Summary
Amgen Inc. (AMGN) filed an 8-K on June 29, 2007, detailing a significant amendment to a 1984 Shareholders' Agreement concerning their joint venture, Kirin-Amgen, Inc. The amendment, effective July 1, 2007, involves Kirin Brewery Company, Limited, and its subsidiary Kirin Pharma Company, Limited. The primary changes include the addition of Kirin Pharma as a party to the agreement and the removal of certain restrictions on asset transfers and mergers for Kirin Brewery. This restructuring appears to facilitate the transfer of rights and obligations from Kirin Brewery to Kirin Pharma within the joint venture context.
Key Highlights
- 1Amgen Inc. entered into Amendment No. 13 to the Kirin-Amgen, Inc. Shareholders' Agreement, effective July 1, 2007.

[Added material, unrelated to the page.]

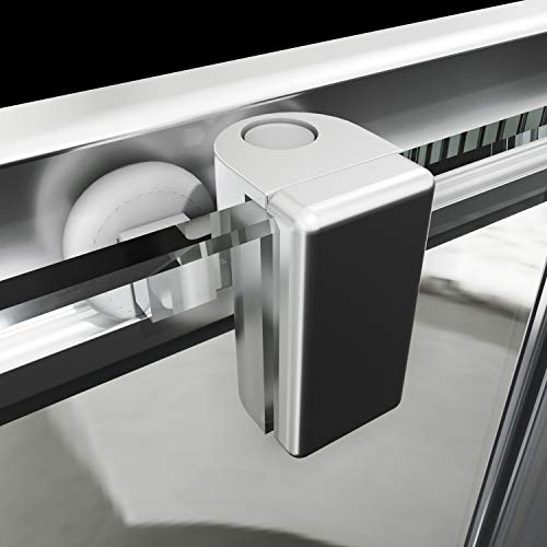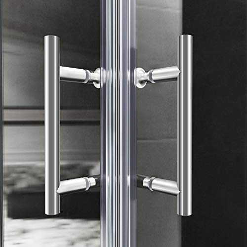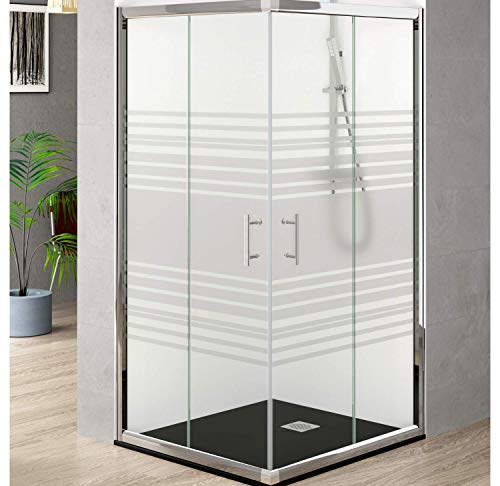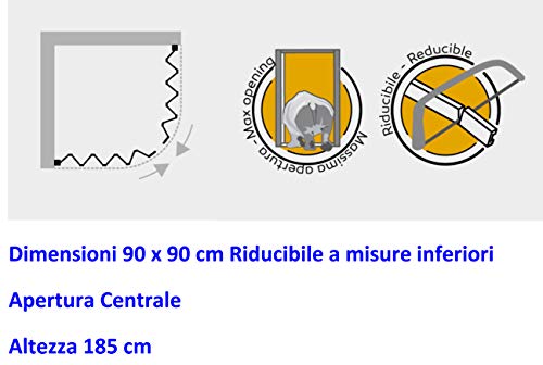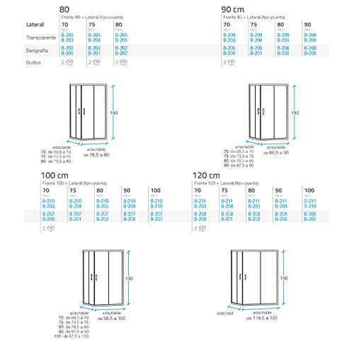 - Se adapta a todos los platos de ducha en las medidas entre 70 y 90 cm de ancho por cada lado; reducible con el simple corte del riel de desplazamiento graduado; altura 185 cm.

- 2Kirin Pharma Company, Limited is added as a party to the Shareholders' Agreement.
- 3Restrictions on Kirin Brewery's ability to assign rights and obligations to Kirin Pharma under certain agreements have been removed.
- 4The amendment removes restrictions on Kirin Brewery or Amgen regarding the transfer of substantially all assets or engaging in mergers/consolidations.
- 5Amgen gains specific rights to purchase Kirin Brewery's equity in Kirin-Amgen if Kirin Brewery ceases to beneficially own a majority of Kirin Pharma's shares.
- 6Amgen can increase its representation on the Kirin-Amgen board and secure preferred stock rights if Kirin Brewery fails to maintain certain ownership/director appointment rights.
- 7The agreement includes provisions for minimum R&D funding levels for products licensed by Kirin-Amgen through 2019.